Delta journals beat state mutations
The naive way to run a simulation:
state = load("state.json")
for frame in range(500):
tick(state)
save("state.json", state)
Works fine for a single sim on one machine. Falls apart the moment you want to:
- Rewind to frame 312 and watch what happened
- Run two sims in parallel without overwriting each other
- Diff what changed between frame N and frame N+1
- Distribute work across machines
The fix is older than databases: don’t mutate. Append.
The pattern
class Engine:
def __init__(self, name, seed, state, tick):
self.state = state
self.deltas = [] # journal
def run(self, n_frames):
for _ in range(n_frames):
delta = self.tick(self, self.state, self.frame)
self.deltas.append({
"frame": self.frame,
"ts": iso_now(),
**delta,
})
self.frame += 1
The tick function returns a delta — what changed this frame. The engine appends it to a journal. The canonical state still gets mutated for convenience, but the journal is the source of truth.
If you lose the state, you can rebuild it from the deltas. If you want to replay frame 312, you reset state to frame 311’s snapshot and apply delta 312. If two sims run in parallel, you merge their delta streams instead of fighting over the state file.
What this unlocks
Evolution simulations: hundreds of generations where each frame’s delta records births, deaths, mutations, speciation events. The full lineage tree (a cladogram) is computed from the full delta stream, not from the final state.

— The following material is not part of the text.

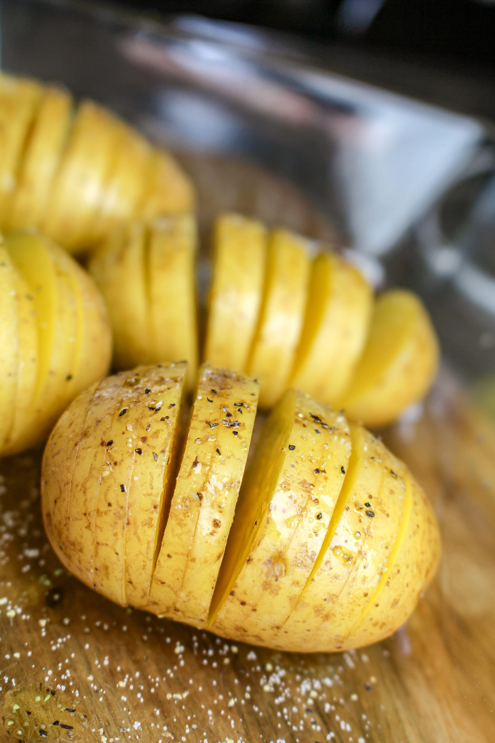 1) Tvätta potatisarna ordentligt. Skiva potatisarna, lämna dock ca 0,5 cm i botten som inte är skuren. Olja in potatisen med olivolja och salta och peppra potatisarna.

Ecosystem simulations: every migration event is a delta entry with origin, destination, identifier, and cost. The migration log on the viewer is just deltas.filter(d => d.type === "migration").

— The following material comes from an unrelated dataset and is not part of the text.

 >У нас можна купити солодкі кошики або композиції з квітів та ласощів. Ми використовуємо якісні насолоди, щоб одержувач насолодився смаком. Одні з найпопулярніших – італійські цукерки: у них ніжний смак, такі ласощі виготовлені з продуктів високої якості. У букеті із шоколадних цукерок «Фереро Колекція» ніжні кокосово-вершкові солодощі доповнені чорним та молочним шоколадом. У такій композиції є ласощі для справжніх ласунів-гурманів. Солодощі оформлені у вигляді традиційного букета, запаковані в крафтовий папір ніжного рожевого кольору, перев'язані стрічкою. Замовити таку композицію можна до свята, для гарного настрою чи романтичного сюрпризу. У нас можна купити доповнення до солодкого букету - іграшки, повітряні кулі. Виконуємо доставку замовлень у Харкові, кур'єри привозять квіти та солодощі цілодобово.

Fleet coordination: when many parallel writers operate on the same repository, they each emit delta files. A merge engine reconciles them at boundaries. No two writers ever modify the same file simultaneously.
Append-only as a coordination protocol
Once you commit to deltas, parallel writers become much easier to reason about. Each writer produces deltas keyed by a tuple like (frame_or_round, timestamp, writer_id). Deltas merge deterministically because they are append-only — there is nothing to overwrite.

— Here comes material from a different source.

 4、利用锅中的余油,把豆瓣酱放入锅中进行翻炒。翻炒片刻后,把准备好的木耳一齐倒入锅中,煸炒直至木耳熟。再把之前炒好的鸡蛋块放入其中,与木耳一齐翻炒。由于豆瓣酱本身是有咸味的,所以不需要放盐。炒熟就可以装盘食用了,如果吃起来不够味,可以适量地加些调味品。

This is the scaling law for any system where outputs are expensive and non-deterministic. Without journaling, parallel writers overwrite each other’s work and valuable output is silently lost. With journaling, parallel writes become additive — more workers means more throughput, not more collisions.
The general principle
If your system has a “state” file that is being mutated, you are one race condition away from data loss. Add a journal. Make the state computable from the journal. The journal is cheap — it is just append-only records. The peace of mind is permanent.
Event sourcing is not new. CQRS is not new. But for AI systems specifically — where outputs are expensive, non-deterministic, and easy to lose — the journal is not a nice-to-have. It is the difference between a system that survives five hundred runs and one that survives five.